I's 3 A M as I sit down in total darkness, hoping a light above my head will trigger something worthwhile to write. Apparently this time of the day is when my mind is as slowed down as it gets. I have chronic anemia and when I push myself too hard I pay the price, such is the case now. I'm like an old automobile with frayed interior, my paint is dull, the mechanical part still runs, a mite weaker, week by week. Rather I'd compare myself to an old, yet still reliable work truck. My engine, rear end, transmission makes a heap more noise, as it grunts and groans and shinny's. Them fancy new young trucks fly by me all shiny with their big ass tires all painted with tire black. Fricking stereos a blasting with music that makes me shiver. Headed somewhere and getting nowhere fast. What is it, that they raise their pick up trucks so high I could not get in one, if my life depended on it. I've been a pondering on buying me a newer pick up, my old one is a 93 model and tired just like me. It's
five speed and old Glen be tired of shifting them gears. I have been driving a van for several years and I grow tired of it. It's a 97 and maybe I should get into the new millennia. Then I started thinkin, I know, now all hells gonna break loose! My sister bought this Monte Carlo in 95. She drove it about six years then give it to me. It had been sittin for bout a year and was still to nice a car and it was red, yep a nice color I lika red, on any vehicle. Well now I fix it up and drive it for a few months. It fit my big posterior real good. I like the way it drove, yes I did! Around this time my momma's old citation went ka-put. She needed wheels, and I had that one extra so I gave her that pretty Monte Carlo. She drove it about ten years and don't drive anymore. So It's been parked here at my house for over a year. I'm thinkin about bringing it back to life once again, slapping a new paint job on it. Why? It has a history you see. It's been in the family for a lot of years. My mother drove it maybe twice a week to get her hair done and to the grocery store. Interior is still new like from seat covers being on it. The body shows no rust. Sun has taken it's toil, body creaks and groans just like mine.

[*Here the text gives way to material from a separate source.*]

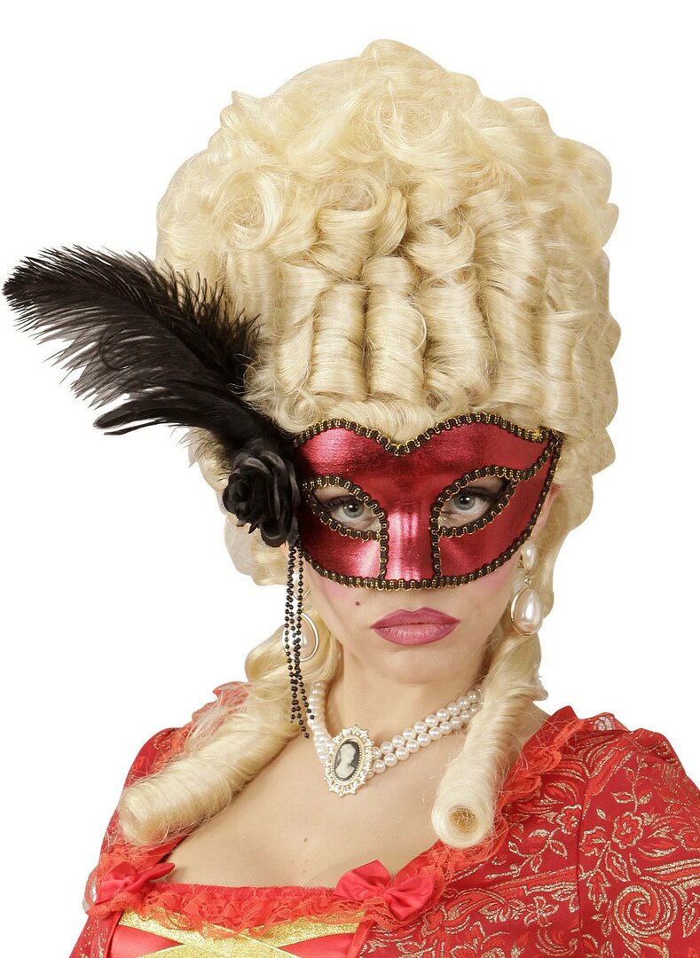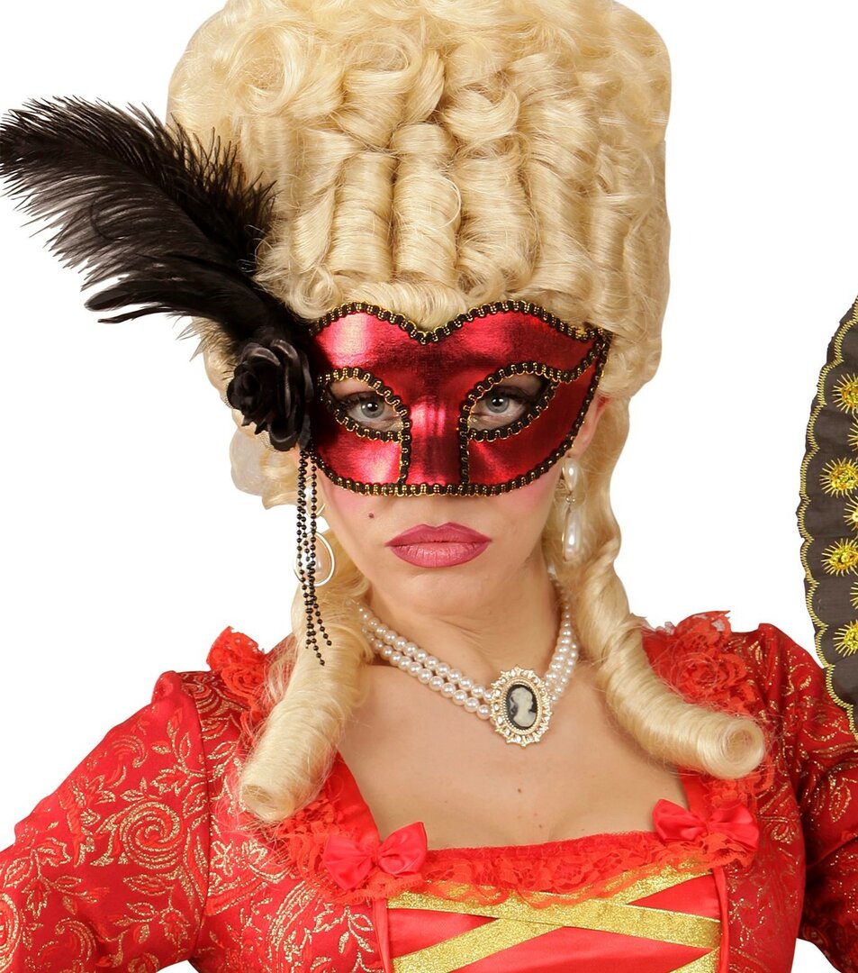 Benátska červená škraboška s čiernou ružou, perím a korálkami - Žiarivý symbol elegancie a tajomstva. Táto škraboška prináša do vášho plesového večera neodolateľný šarm Benátok. S bohatou červenou farbou, jemným čiernym ružovým kvetom, nežným perím a jemnými korálkami zaujme každý pohľad. Buďte stredobodom pozornosti a zahaľte sa do luxusu s touto jedinečnou škraboškou, ktorá dodá vášmu outfitu nádych romantiky a exotiky.

I certainly can afford a new pick up but that's not the point here. I would look good in my shiny new toy. As one ages one learns to appreciate certain things in life. It becomes about life itself. I have not one iota of doubt that driving that old car with family history well . . . it would just feel right! I could make this old car like new again, but it's the love the history it holds, just feels right!
THIS LITTLE STREAM OF CONSCIOUSNESS IS WHAT I LOVE. SIT DOWN BEFORE BEDTIME AND AWAY I GO. IT JUST FEELS RIGHT!